Pinke: Moving up by moving home

What holds you back from pursuing a big dream or goal? Is it a fear of failure? The unknown? The practical realities of financing and logistics?

Ten years ago this week, my husband and I invited his parents to visit us in Fargo for my husband's birthday. We took them out to dinner to share about a stirring shift in the direction of our lives: Nathan wanted to quit his corporate sales management job, move back to his hometown and help his parents run their small business, a lumberyard they had owned for 30 years.

At the time, Nathan was a successful sales manager for a pharmaceutical company. It's a job many people dream of and spend a career working toward. However, we knew the next rung on the corporate ladder involved moving to the company's headquarters on the East Coast.

One evening when Nathan and I were talking on the phone after his performance review with his boss, I blurted out, "Let's move back to Wishek."

There was silence on the other end of the phone. Finally, Nathan said, "Really? You want to do that?"

I did. I've always said the lumberyard makes Nathan's eyes sparkle. His dad is one of his best friends. Their strengths and weaknesses provide the necessary balance to run a successful business. More importantly, I wanted to root our family in a rural school, community and lifestyle.

When we expressed our desire to return to the family business with Nathan's parents, we expected them to be excited. Initially, they were hesitant, but later, after listening to our motivations, they embraced the idea. Together, we became business partners and were given the opportunity to share everyday life.

I didn't understand their initial hesitation then — but I do now.

First, there was risk — financial risk, career risk and the risk of failure. Second, they didn't want us to make this move for them. It had to be what's best for our family. While we couldn't see all the reasons why we believed it was the right move, we felt it was the leap we needed to make for our son and future kids.

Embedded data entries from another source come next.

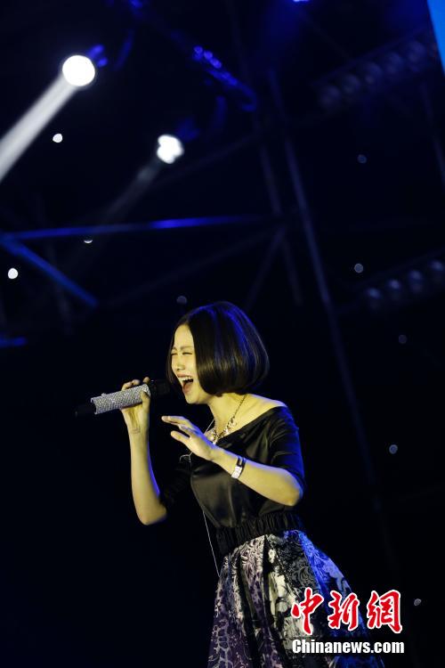 图为姚贝娜资料图,2014年5月9日,2013届中国OOH青年广告创意大赛颁奖盛典在京举行,歌手姚贝娜献唱。 中新社发 杨阳 摄
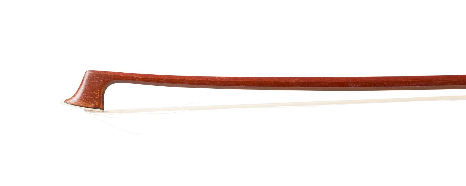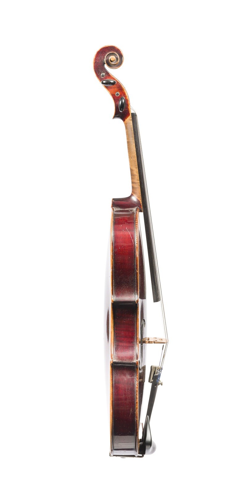 VIOLIN 'WILHELM HERWIG' AND VIOLIN BOW 'DESZO HORVÁTH' Markneukirchen, early 20th century. Two-piece spruce top and maple back, dark red-brown varnish, with case. 4/4 violin, length 58.5 cm, body length 35.5 cm. Violin label: 'Wilhelm Herwig in Markneukirchen'. 4/4 violin bow, Bubenreuth, 20th century, octagonal stick, nickel silver fittings, Parisian eye, winding, thumb leather, plastic frog, L. 74 cm, partly bumped, one eye damaged. Violin partly bumped, rest. Provenance: Private collection Hesse.
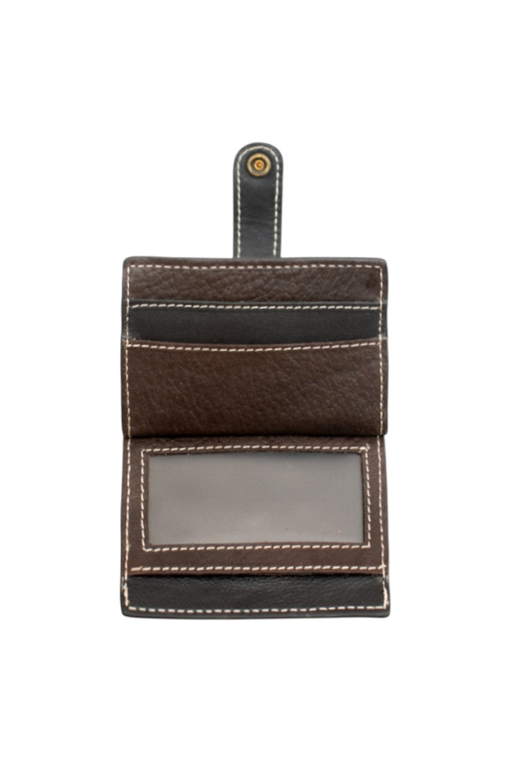 It features a subtle two-tone design and clean contrast stitching. It has multiple card slots for your daily cards, a snap-tab closure to keep everything in place, and an inside ID window for quick access. Slim, lightweight, and easy to slip into your pocket or small bag — simple, practical, and made for everyday use.
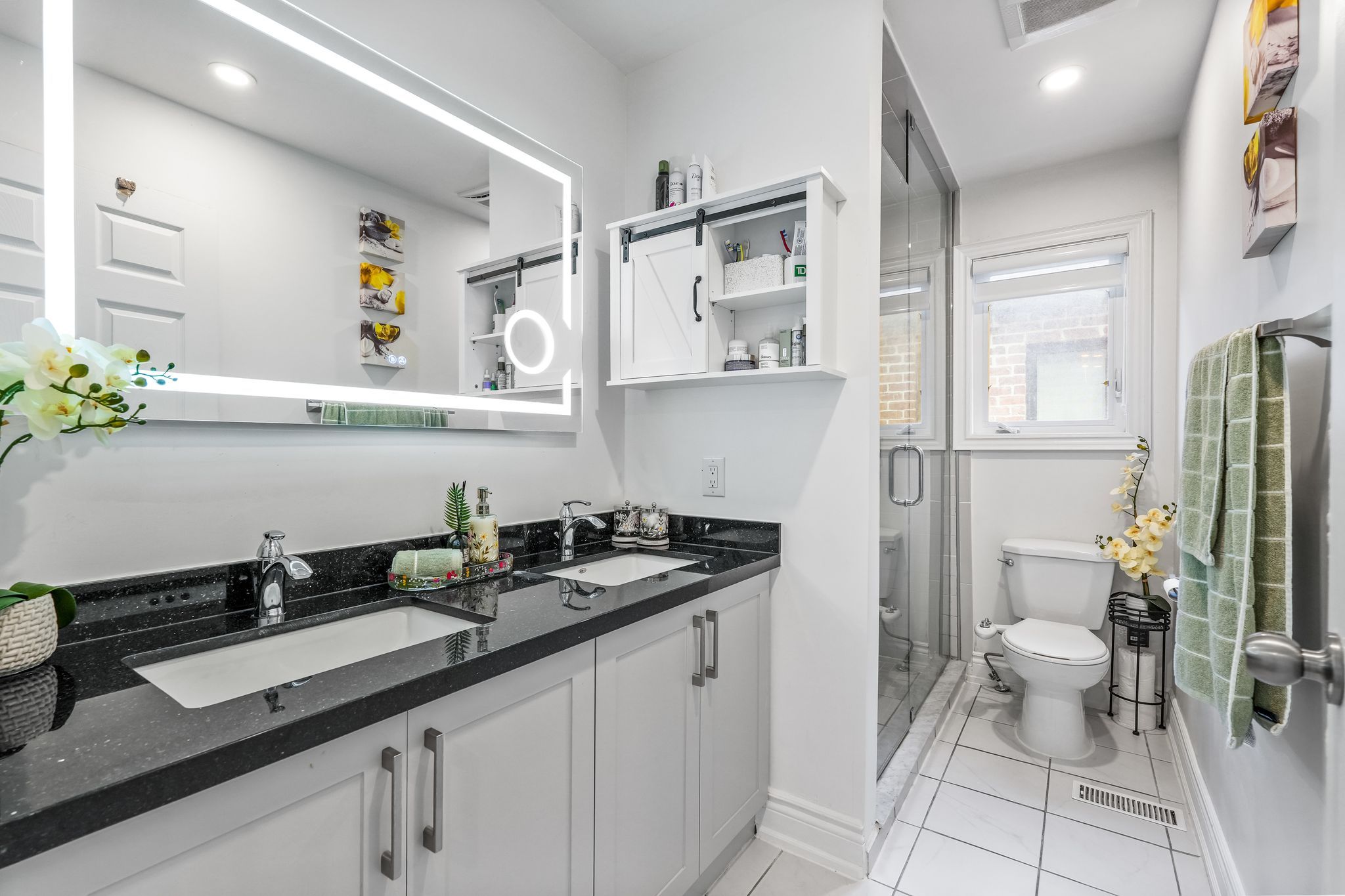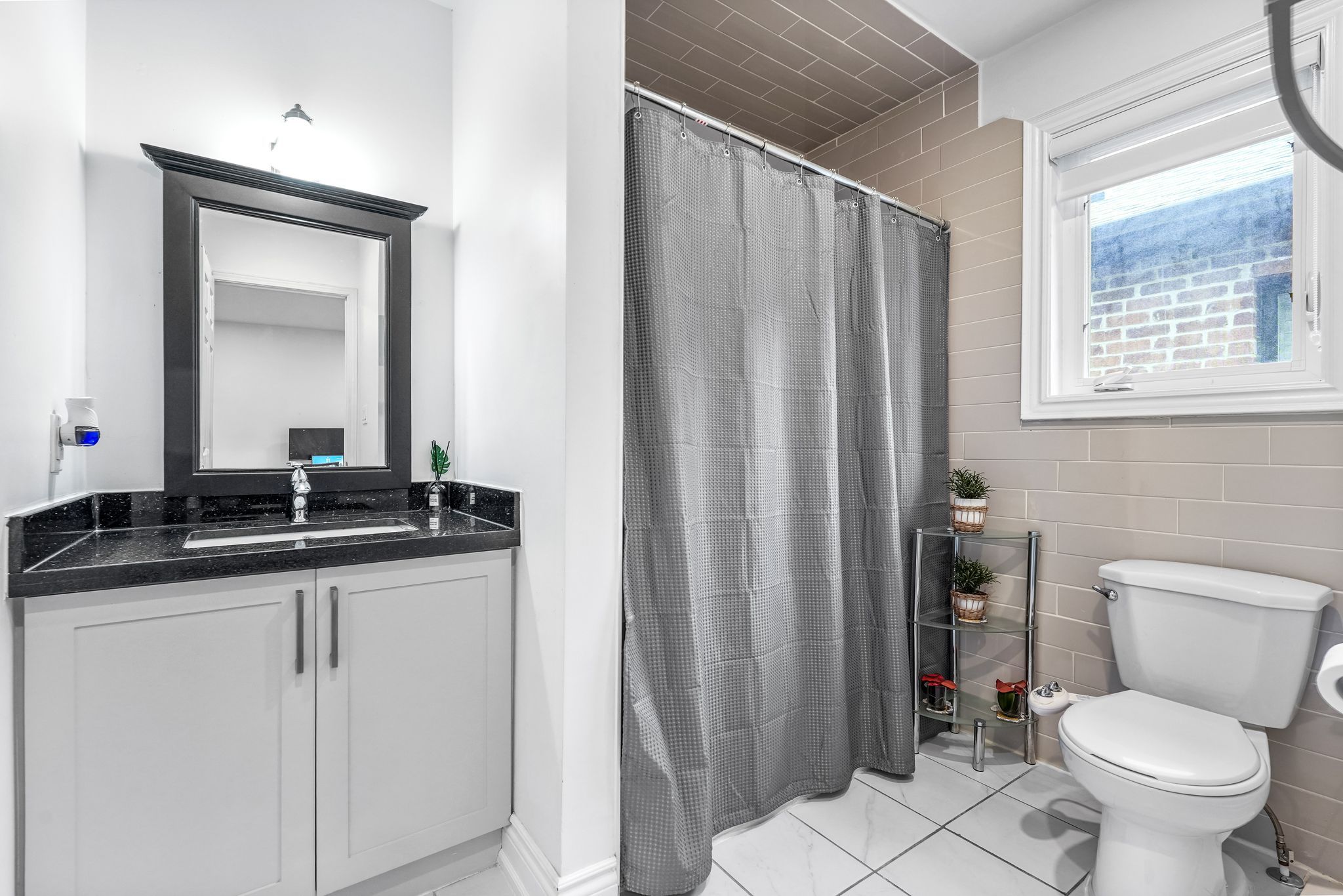 • Gourmet kitchen with quartz countertops and black stainless steel appliances.

Third, which went unsaid but is a valid point I see now, I don't think Nathan's parents raised their kids in a rural community and small-business career environment for their kids to return to it someday. They desired to launch their kids into higher educations, careers and goals that allowed them to experience life beyond rural North Dakota. In reality, though, Nathan's parents set the foundation for their kids to reach all those experiences and milestones, which brought Nathan (and me) back to what we love most.

Today we can look back and see we could have failed. The shift involved a lot of tenacity and prayer, and it still does. It involved living on less, working longer hours and finding ingenuity to try new things to grow our business while relying on four decades of knowledge.

When challenges arise, Nathan likes to joke, "Remember, this was your idea."

Technology played a huge role in our success despite the risks. My former employer allowed me to work from a home office, 180 miles from the headquarters, because of broadband, high-speed internet. That technology provided the foundation for my career based in rural America and allowed me to find my voice in social media, blogging as well as marketing our business.

Don't let the fear of the unknown hold you back from going after a big dream. Set goals and chase after them. Get the education you need and the experiences to expand on your education; put your business acumen to work; and build on your connections while leaning on others for support.

My in-laws serve as role models and mentors. They've welcomed us as the next generation in our family business. The shift has involved sacrifice, hard work, cooperation, a willingness to learn from one another and, most of all, the drive to succeed as a team.

We're better together as a family and a business based on the risks we took 10 years ago. The support of many helped make it happen. Thank you!